Gene expression might change before morphological abnormality of the tissue, researchers demonstrated that macrophage C-type lectin receptor CLEC5A (MDL-1) mainly expressed in atherosclerotic lesional macrophages and elevated macrophage MDL-1 expression was associated with early plaque progression [12]. Pulanco MC et al. found that C1q promoted macrophage survival and improved foam cell function, which may play an important protective role in early atherosclerosis progression [33]. In addition, matrix metalloproteinases (MMPs) participated in different mechanisms fundamental to atherothrombotic progression [34, 35], such as MMP-12 [36] and MMP-2 [37].

In the current study, eight (HTR4, CA12, KLK2, DERL1, BCL6, LILRA2, HCK and MTF2) of 12 potential critical genes were upregulated. Oksala found that CA12 expression was elevated in atherosclerotic plaques compared to control tissues (internal thoracic artery controls).
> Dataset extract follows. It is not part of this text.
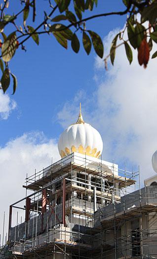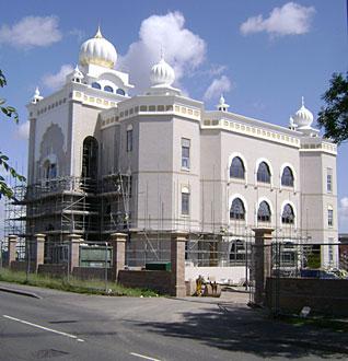 In the airless langar (dining hall) of the town's existing temple - a disused plastics factory with asbestos roofing, dark corridors and bland offices - the project team sidesteps invitations to respond to negative attitudes about its new home.

And CA12 protein was expressed in the atheromatous core and to some extent in all vessel layers in plaques of all vessel beds, while only sparse cells were positive in control vessels [38]. Chronic inflammation is a hallmark of atherosclerosis, Barish GD examined the impact of the transcriptional repressor BCL6 on atherogenesis and revealed BCL6-SMRT/NCoR complexes could constrain immune responses and contribute to the prevention of atherosclerosis [39]. HCK and FGR are two Src tyrosine kinases, Medina demonstrated that Hck/Fgr-deficiency leads to reduced atherosclerotic lesion with concomitant reductions in macrophage accumulation and, paradoxically, lesion stability [40]. HTR4 is a member of the family of serotonin receptors and associated with average and maximal carotid intima-media thickness measures [41]. Serotonin, also named as 5-hydroxytryptamine (5-HT), is a well-known vasoreactive amine that could affect the circulation of the heart. Human kallikrein 2 (KLK2, also called hK2) has an important in vivo regulatory function on Prostate-specific antigen (PSA) activity, and could convert the inactive precursor form of PSA to active PSA [42]. PSA is a member of the human kallikrein family of serine proteases [43] and PSA is an established marker of myocardial infarction [44].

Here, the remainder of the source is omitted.